Including my warm up and cool down walks (10 minutes of it) it took me 42 minutes today to complete the 2.26 mile loop. So that averages according to sparkpeople's fitness tracker to 19 min/mile pace. Which means slower when I was walking, faster when I was running. But obviously not by insane amounts. In theory, according to C25Ks estimates, 30 minutes of jogging should be approximately equal to 3.1 miles. Obviously I'm not even close. And my goal is to run an actual 5K race in a time that is at least only moderately embarrassing.
In weight issues, I haven't lost much recently. I have a wardrobe in my room with mirror doors, so that I can see myself pretty much at all times in my room. It helps for getting dressed and seeing how I look, doing hair, et cetera. On the other hand I saw myself as I was getting myself dressed into my workout clothes. I saw myself half naked in the mirror and couldn't believe how old and fat my body looked. I'm only 23, everything looked saggy, I have so much back fat it makes my butt look flat, and all over was just ugh.
Also I checked my goal on here for weight loss and realized my goal date was too far back and that my goal weight was too high. Since starting this healthy wage thing, my goal has changed to being to 125- what I need to be to have a "normal" bmi. I would probably be happy at 135 and technically overweight by bmi, but I only get the $100 if I get to a "normal" bmi. I also have to get there by one year from the time I signed up.
So I changed my spark goal and my calorie intake goals went way down. So perhaps that is part of why I wasn't losing weight. Hopefully this helps. I need to slowly increase my exercise as well. And my "need" I mean "want" because I want to be burning more calories. Eventually need too because I can only go so low on calories, eventual I won't be able to meet the deficit with calories and only a little exercise. Right now I'm set to burn 1500 a week, which I just increased from 1000. My goal is to get up to 3500, but I gotta start getting really fit for that. I would like to help get there by riding my bike more but a few problems:
1. Most of the places I go are downtown Detroit area, which is not a bike-able distance from my house. (Without bad traffic it's a 20 minute drive on the freeway. I cannot bike 70mph.)

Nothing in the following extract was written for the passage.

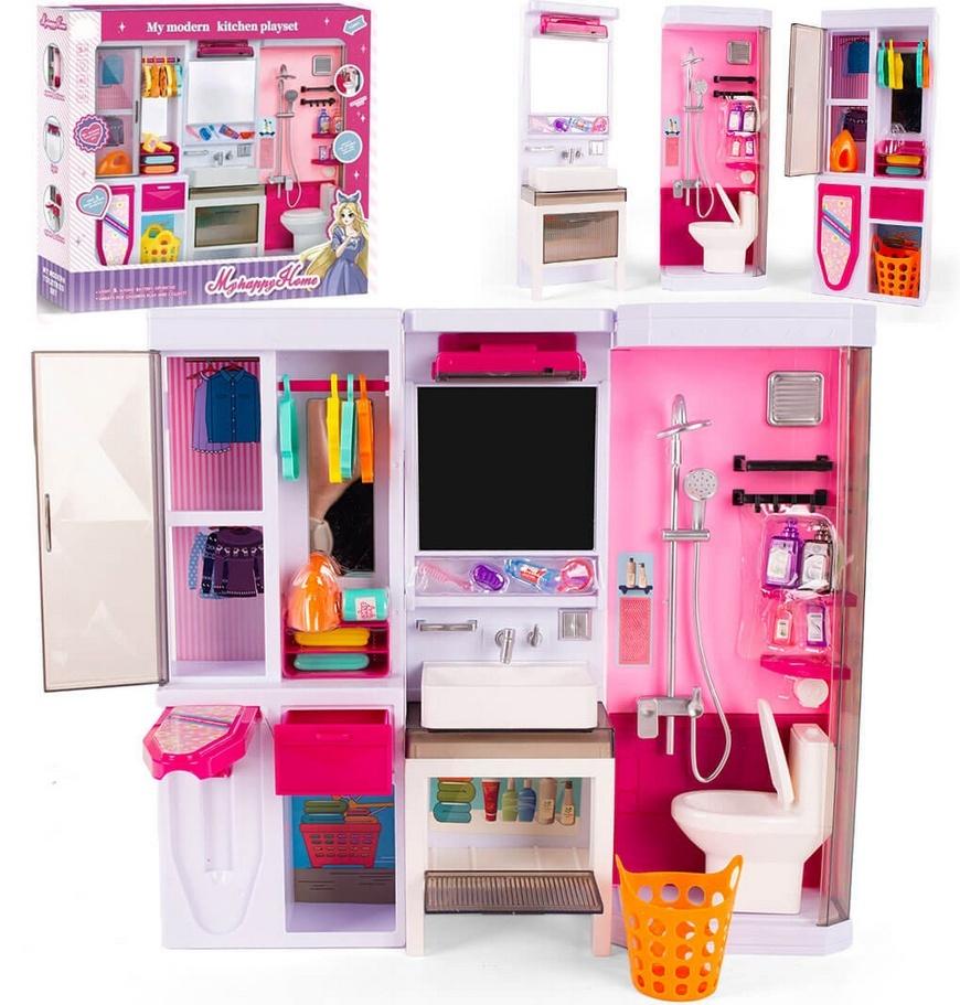 Opis produktuZasady bezpieczeństwaStylowy i kolorowy zestaw łazienkowy do domku dla lalek to idealna propozycja dla każdej małej miłośniczki zabawy w dom. W komplecie znajdują się realistyczne meble i akcesoria: prysznic, toaleta, umywalka z lustrem, pralka, szafki oraz półki z kosmetykami. Całość wykonana została z trwałego plastiku i dopracowana w najmniejszych szczegółach. Dzięki bogatemu wyposażeniu dziecko może odgrywać codzienne scenki, rozwijając przy tym wyobraźnię, kreatywność i umiejętności społeczne. Zestaw pasuje do większości popularnych domków dla lalek i może być uzupełnieniem innych pomieszczeń. To świetny pomysł na prezent, który zapewni godziny wesołej i edukacyjnej zabawy. Najważniejsze cechy i zalety:

2. I still need to get my bike back- it ended up at my grandparents during my move.
3. Winter is coming and biking will be hard then- especially since I cannot count on shoveled or plowed sidewalks or streets around here. Biking in a couple feet of snow is a challenge, but one I don't fit to be worth it.
Right now I have been doing 42-45 minutes for my jogs 3 days a week (sun, tues, thurs), I plan to increase right now by adding in short walks (mon, wed, fri), which are also my current strength training days.